- ABOUT THIS EXERCISE
When you write out the listing below, keep each word exactly as it stands and drop the pictures.

- DATA FOR THE TASK
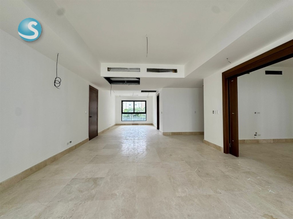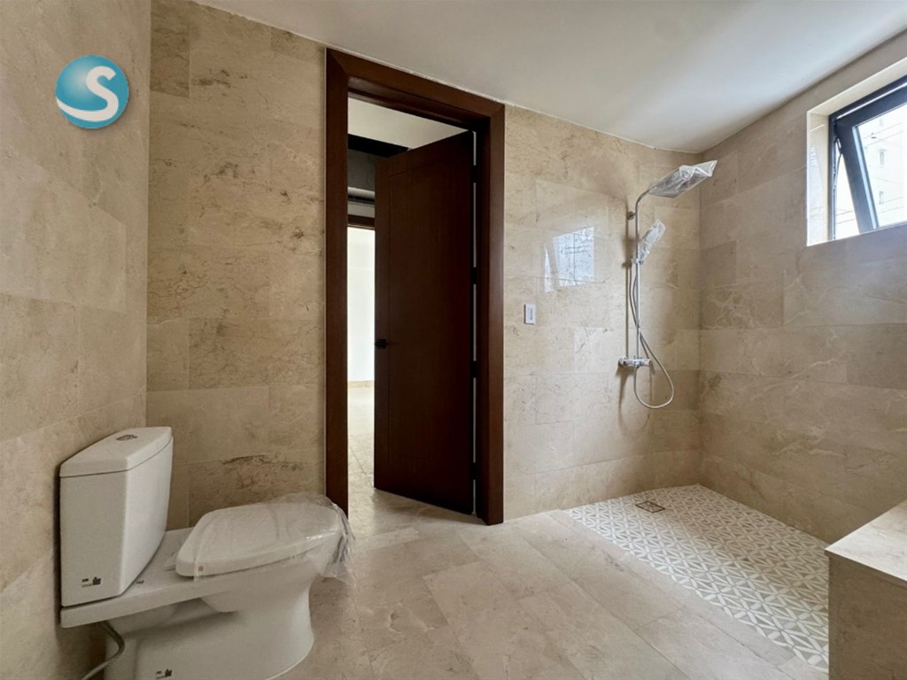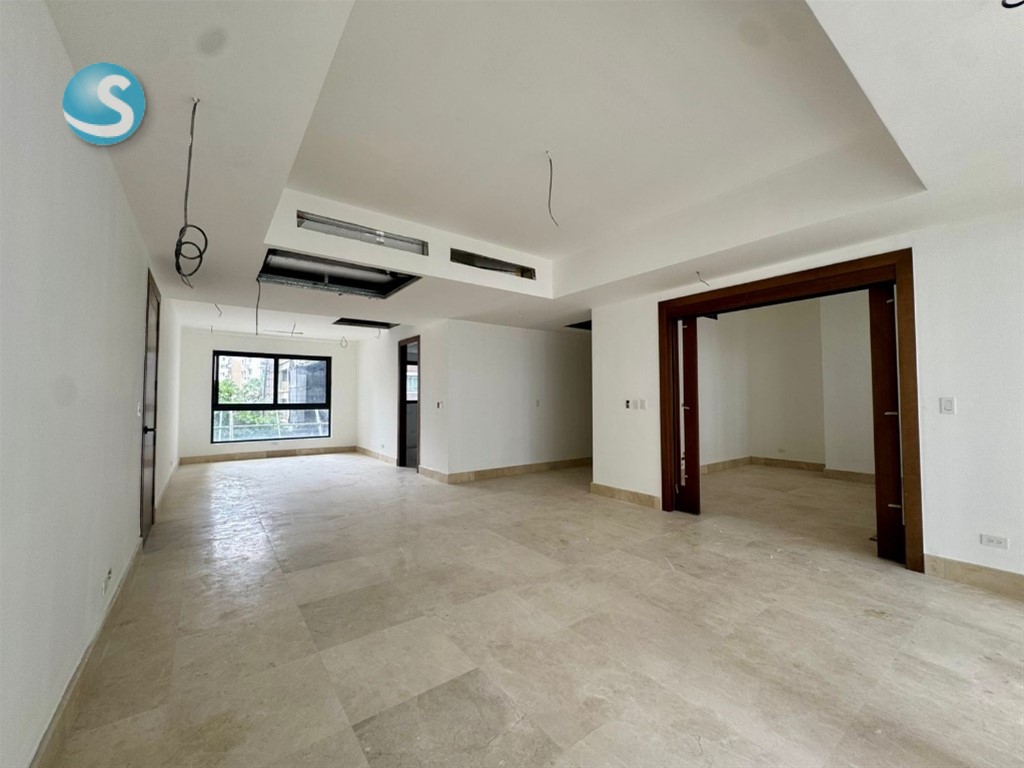 Solo 2 apartamentos por piso 3 parqueos Hall de entrada 3 habitaciones c/u con baño Baño visitas Sala Family Room Comedor Balcón tipo terraza Estudio Cocina fría Aires acondicionados Cocina caliente y lavado
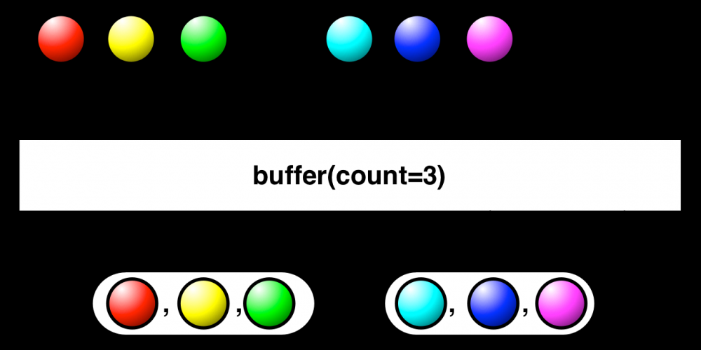 buffer 操作符将一个 Observable 转换为一个 Observable,这个 Observable 用于收集原来发送的数据,然后发送这些缓存的数据集合,buffer 将发送的单个事件转换成元素集合,下面是针对此种情况的官方示意图:
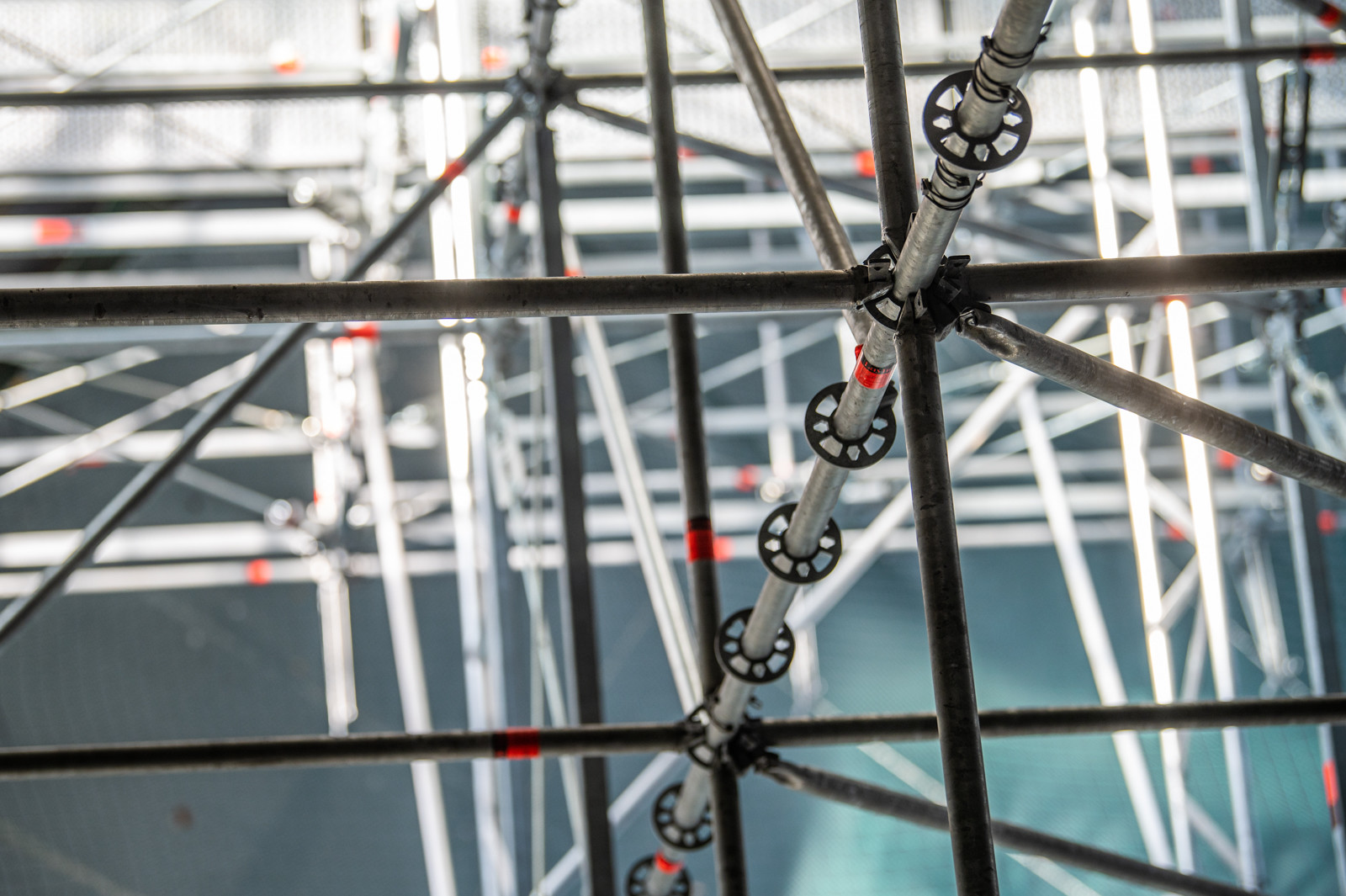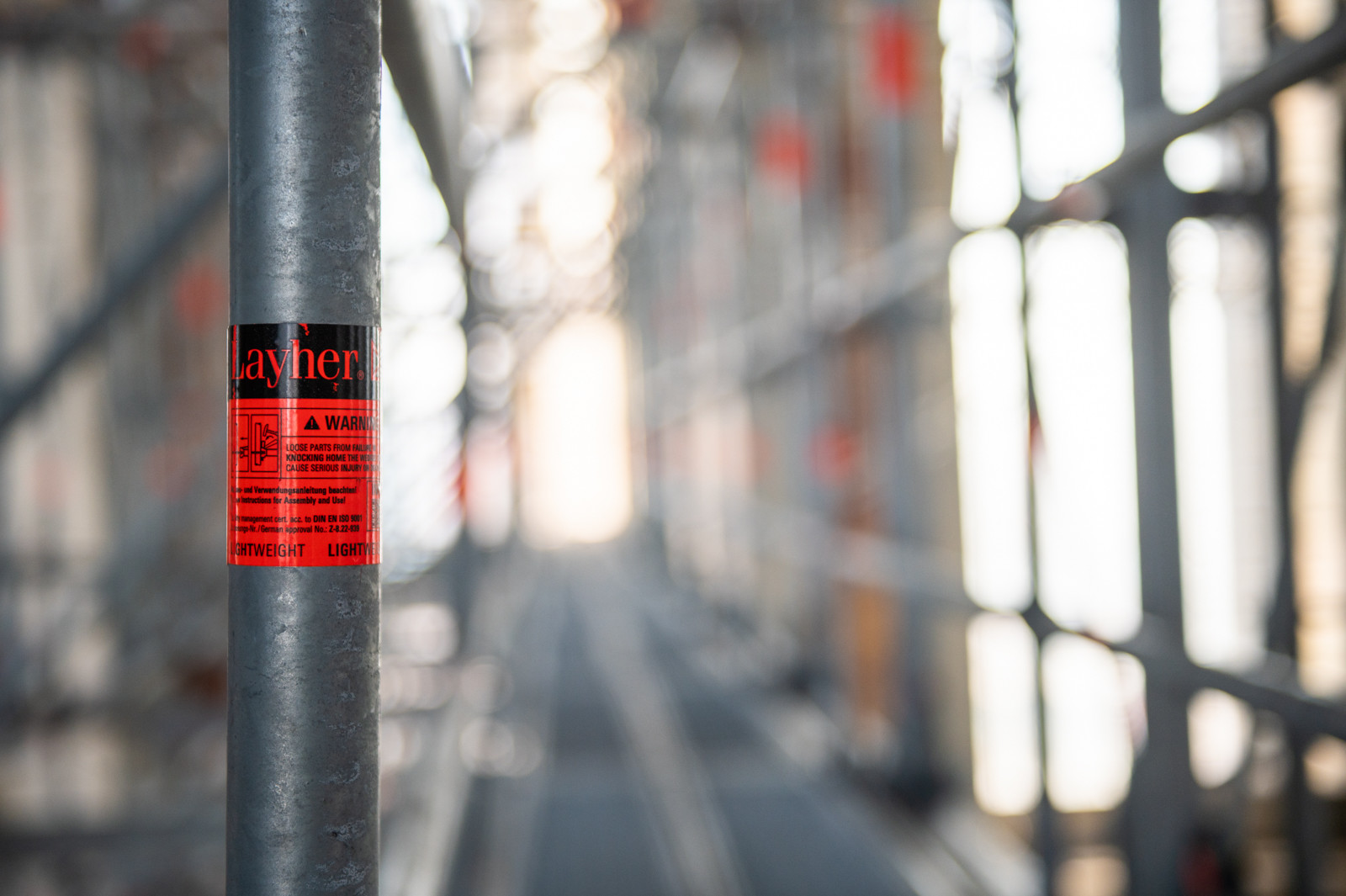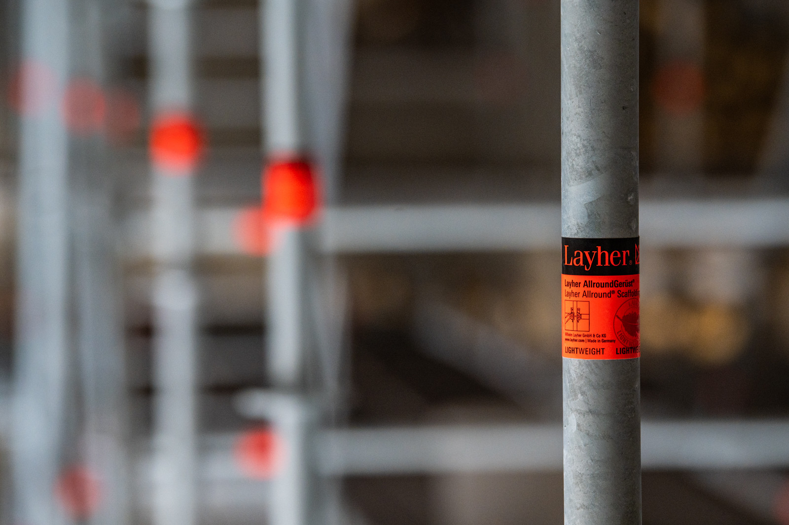 Az egyedülálló szerkezet koncepciójának megtervezése mellett kihívást jelentett annak megvalósítása a megfelelő rögzítésekkel - hiszen a szerkezet integrálva része marad a végső állványszerkezetnek -, illetve az is, hogy hogyan kerül az a végső helyére. A Layher szakemberei a kivitelezőkkel és állványozókkal karöltve
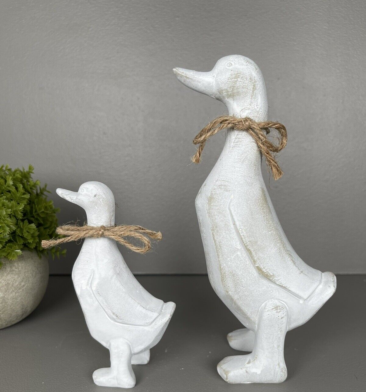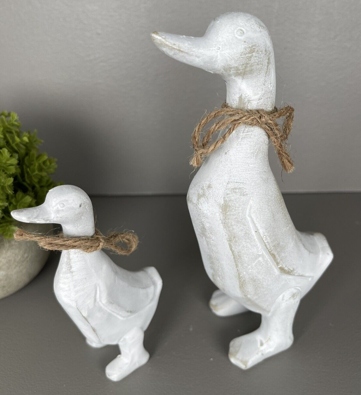 White Rustic Duck & Duckling - Set of 2
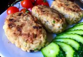 Котлеты с рисом и рыбными консервами.

- EXERCISE OUTPUT
 Solo 2 apartamentos por piso 3 parqueos Hall de entrada 3 habitaciones c/u con baño Baño visitas Sala Family Room Comedor Balcón tipo terraza Estudio Cocina fría Aires acondicionados Cocina caliente y lavado
 buffer 操作符将一个 Observable 转换为一个 Observable,这个 Observable 用于收集原来发送的数据,然后发送这些缓存的数据集合,buffer 将发送的单个事件转换成元素集合,下面是针对此种情况的官方示意图:
 Az egyedülálló szerkezet koncepciójának megtervezése mellett kihívást jelentett annak megvalósítása a megfelelő rögzítésekkel - hiszen a szerkezet integrálva része marad a végső állványszerkezetnek -, illetve az is, hogy hogyan kerül az a végső helyére. A Layher szakemberei a kivitelezőkkel és állványozókkal karöltve
 White Rustic Duck & Duckling - Set of 2
 Котлеты с рисом и рыбными консервами.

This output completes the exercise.